The answer is that Ticketmaster gives 50% of their revenue to the venue, which is a pretty good deal for the venue, so they have every incentive to keep that relationship going
They run a not that complicated website. As someone who loves live music, they take way too much in ticket fees for the value and difficulty of the service they provide. Legitimately, it feels like expertsexchange.
Economically, it doesn't seem to make sense for artists and venues to be giving so much money to a partner who is delivering so little value. Even if the venue is getting half of the ticket master fee, the tickets selling with the fee included is proof that the customer is willing to pay that much, why share more than a small fraction of the ticket price with a website?
> They pay for enormous capacity that is used only sporadically.
In this day and age? I am highly skeptical.
Any large, upcoming surge of traffic is planned in advance, as in the case of the Taylor Swift Era Tour ticket sales, so they can easily preemptively scale up infrastructure ahead of that.

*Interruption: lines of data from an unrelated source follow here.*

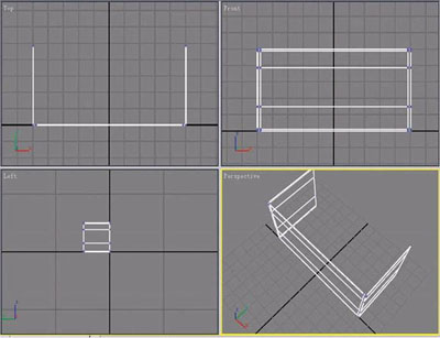 (5) 选择Edit Poly(编辑多边形)命令中的Vertex(点),把刚Extrude(挤压)的两组新面做位置上的调整,调整的和初始创建面成90度角。一个简单的三面墙体就制作出来了,如图4-5所示。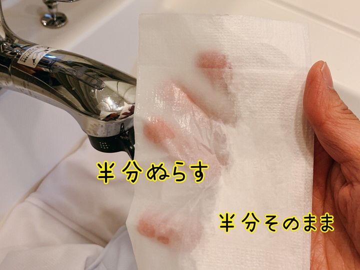 まずは紙ナプキンを1枚準備します。その半分部分を濡らし、半分はできるだけ乾いた状態でキープします。ビシャッと濡れてしまった場合は、1枚濡らす用で1枚は乾いた用で2枚準備してもらえたら大丈夫です!!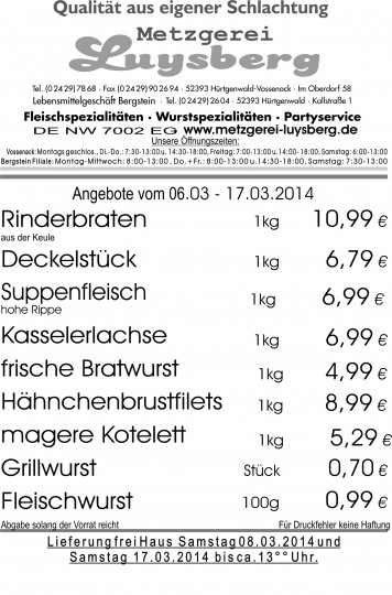Deprecated: Die Funktion WP_Dependencies->add_data() wurde mit einem Argument aufgerufen, das seit Version 6.9.0 veraltet ist! Conditional Comments für den Internet Explorer werden von allen unterstützten Browsern ignoriert. in /var/www/vhosts/metzgerei-luysberg.de/httpdocs/wp-includes/functions.php on line 6131 Angebot vom 06.03-17.03.14 – Metzgerei LuysbergZum Inhalt springen

There is zero reason to hold onto that infrastructure all year long, and dynamic scaling works fine for this type of service the rest of the year.
> Economically, it doesn't seem to make sense for artists and venues to be giving so much money to a partner who is delivering so little value.
Artists and venues receive a part of the fees that TicketMaster charges. TicketMaster's essentially being paid by artists and venues to be the bad guy.